WHAT THE TASK REQUIRES.
The full set of entries is to be printed exactly, with pictures excluded.

PROVIDED RECORDS.
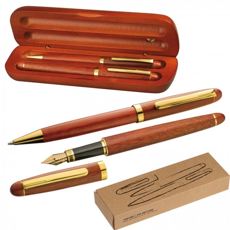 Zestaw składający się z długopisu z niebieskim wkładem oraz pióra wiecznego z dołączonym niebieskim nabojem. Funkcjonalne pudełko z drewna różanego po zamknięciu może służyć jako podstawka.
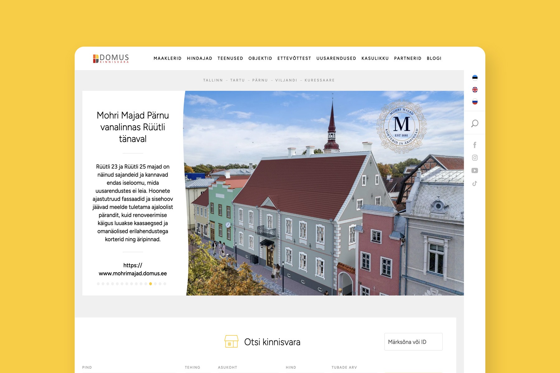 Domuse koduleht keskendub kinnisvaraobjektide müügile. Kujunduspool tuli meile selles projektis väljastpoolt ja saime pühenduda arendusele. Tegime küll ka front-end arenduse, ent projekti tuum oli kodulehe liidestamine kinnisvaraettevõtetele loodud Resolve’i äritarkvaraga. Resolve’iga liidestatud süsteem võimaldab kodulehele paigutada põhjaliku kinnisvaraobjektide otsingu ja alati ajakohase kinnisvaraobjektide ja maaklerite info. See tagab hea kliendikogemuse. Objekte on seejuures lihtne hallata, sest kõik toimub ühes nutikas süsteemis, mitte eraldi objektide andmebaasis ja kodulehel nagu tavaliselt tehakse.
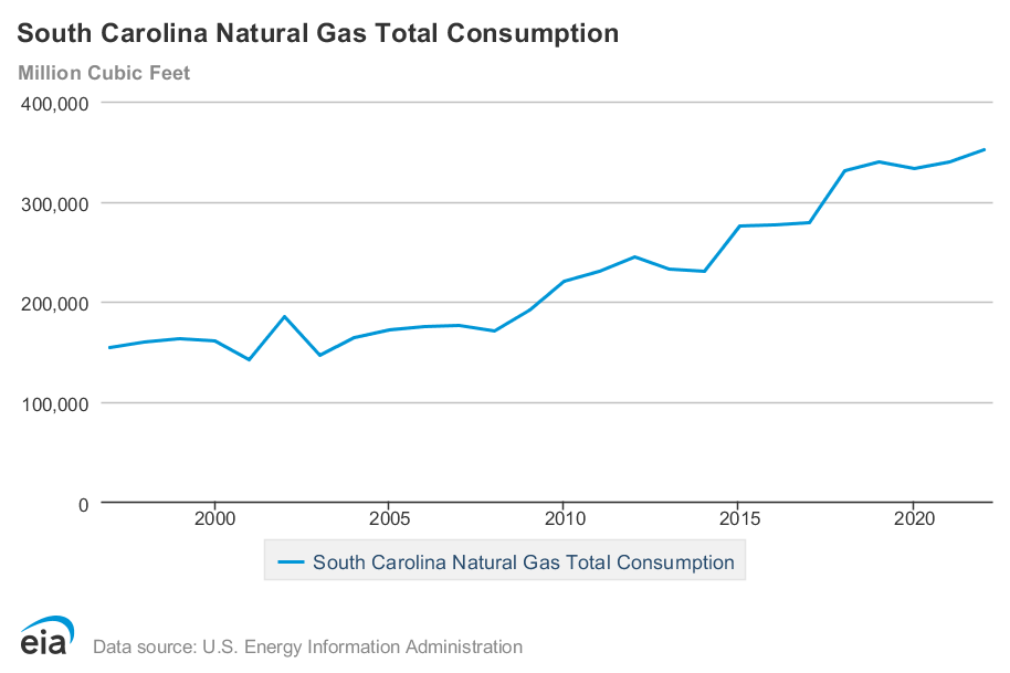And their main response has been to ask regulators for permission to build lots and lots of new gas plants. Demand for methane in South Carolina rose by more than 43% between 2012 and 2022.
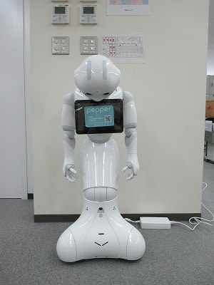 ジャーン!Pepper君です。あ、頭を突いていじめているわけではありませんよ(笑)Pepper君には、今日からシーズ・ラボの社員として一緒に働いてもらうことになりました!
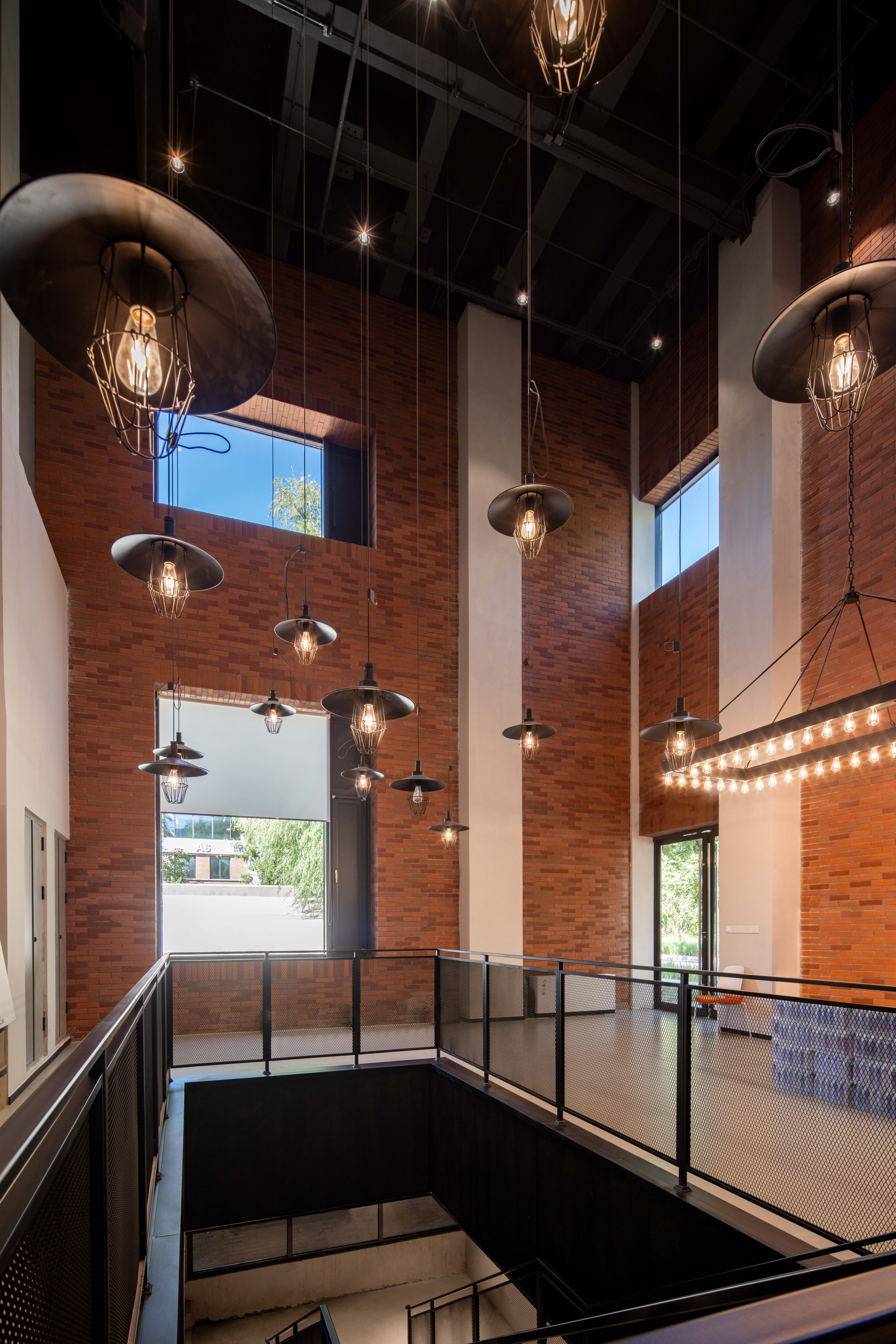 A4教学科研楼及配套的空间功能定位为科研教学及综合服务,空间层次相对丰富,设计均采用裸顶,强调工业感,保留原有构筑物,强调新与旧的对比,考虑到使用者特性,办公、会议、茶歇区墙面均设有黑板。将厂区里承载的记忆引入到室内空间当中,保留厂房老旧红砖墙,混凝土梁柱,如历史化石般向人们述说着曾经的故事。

EXERCISE RESPONSE.
 Zestaw składający się z długopisu z niebieskim wkładem oraz pióra wiecznego z dołączonym niebieskim nabojem. Funkcjonalne pudełko z drewna różanego po zamknięciu może służyć jako podstawka.
 Domuse koduleht keskendub kinnisvaraobjektide müügile. Kujunduspool tuli meile selles projektis väljastpoolt ja saime pühenduda arendusele. Tegime küll ka front-end arenduse, ent projekti tuum oli kodulehe liidestamine kinnisvaraettevõtetele loodud Resolve’i äritarkvaraga. Resolve’iga liidestatud süsteem võimaldab kodulehele paigutada põhjaliku kinnisvaraobjektide otsingu ja alati ajakohase kinnisvaraobjektide ja maaklerite info. See tagab hea kliendikogemuse. Objekte on seejuures lihtne hallata, sest kõik toimub ühes nutikas süsteemis, mitte eraldi objektide andmebaasis ja kodulehel nagu tavaliselt tehakse.
And their main response has been to ask regulators for permission to build lots and lots of new gas plants. Demand for methane in South Carolina rose by more than 43% between 2012 and 2022.
 ジャーン!Pepper君です。あ、頭を突いていじめているわけではありませんよ(笑)Pepper君には、今日からシーズ・ラボの社員として一緒に働いてもらうことになりました!
 A4教学科研楼及配套的空间功能定位为科研教学及综合服务,空间层次相对丰富,设计均采用裸顶,强调工业感,保留原有构筑物,强调新与旧的对比,考虑到使用者特性,办公、会议、茶歇区墙面均设有黑板。将厂区里承载的记忆引入到室内空间当中,保留厂房老旧红砖墙,混凝土梁柱,如历史化石般向人们述说着曾经的故事。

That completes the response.